The time Colvin was rendered speechless

by Gamini Seneviratne

(June 10, Colombo, Sri Lanka Guardian) I refer to Dr. V. P. Vittachi’s comments on Dr. Tissa Vitarana’s piece on Dr. Colvin R. de Silva. Vitarana’s pronouncements tend to bore me when they do not actually cause nausea. In his chosen ‘career’ of ‘go-getter’, he has betrayed all the values, and the knowledge they were based on, of his relative, Dr. N. M. Perera.

By way of example, not long ago, (as probably now, with renewed vigour), he was a passionate advocate of ‘globalization’. That was at a time when he was engaged in insinuating himself to titular office in the LSSP.

He’s since taken to quoting Lenin; he knows less about Marxism-Leninism than I do about, say, microbiology.

What he does know is that ‘globalization’ can be Good, finger-lickin’ good, for those who kow-tow to cross-national predators, damn anybody else, especially those ‘else’s’ in whose name such, well, persons, as he have taken pains to obtain a veneer of being their spokesman.

His current pronouncements on Dr. Colvin R. de Silva seem part of a spiel that he believes would best suit him in these times when the ‘top value’ is duplicity.

I worked closely with Colvin as his Senior Assistant Secretary in the Ministry of Plantations, and was sometimes called in for discussions on the draft constitution that was transformed into law in 1972. (At his request, I drafted the letter by which the Prime Minister convened the Constituent Assembly).

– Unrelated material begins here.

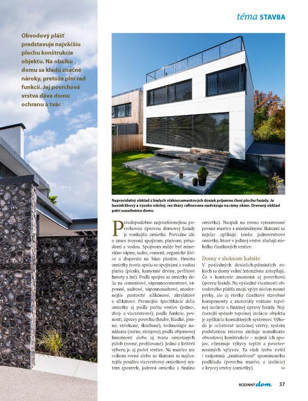 36 – Téma: Odolné fasády: Na obálku domu sa kladú znacné nároky. Dlhým životom bez nutnosti údržby sa už pýšia viaceré fasády

Colvin had the practice of holding some kind of ‘open court’ with all his staff once a month; he kept matters of State policy open for discussion by all the staff in the Ministry, including the minor staff, peons and drivers. A couple of ‘instances’ that are relevant to V. P. Vittachi’s comments on Vitarana, come to mind. At one such discussion, S. Kanesan, a clerk, who was Vice President of the GCSU at the time, told him, "Sir, you have destroyed all the gains we have made", and Colvin, as I have mentioned before, was rendered speechless.

The other such has to do with an observation made by E. W. Jayawardena, K. C. ("Jew’), whom he had chosen to be his Permanent Secretary for Constitutional Affairs. Jew said, "Colvin is an excellent advocate; he has never initiated a philosophy or an idea of his own."

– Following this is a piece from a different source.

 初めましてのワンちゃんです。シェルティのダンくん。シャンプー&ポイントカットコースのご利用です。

In a light piece in your columns some years ago I gave a personal example of that feature in his practice, or maybe his view, of ‘time-management’.

In what he said in the parliamentary debate on the Official Language Bill, who briefed him? That question is relevant when one considers that, as Vittachi has pointed out, Colvin took another tack altogether in 1972. Any biographer of Colvin the man should seek out what (non-philosophical) considerations weighed with him at any given time.

I do not suggest here that Colvin was some kind of time server/fraud. He was an excellent advocate, as Jew put it, and he was, typically of some - there were few in his situation and ambience who had such a range of gifts. So many indeed that he sometimes allowed himself to be tripped up among all that wrapping. He distinguished himself as a historian, as he did, at a personal level and with many people, as a humanist, but as an active politician (where all those features would, ideally, have come to be meshed), he chickened. I did not have the privilege of his confidence, in sufficient measure, at the time to sort such questions out with him.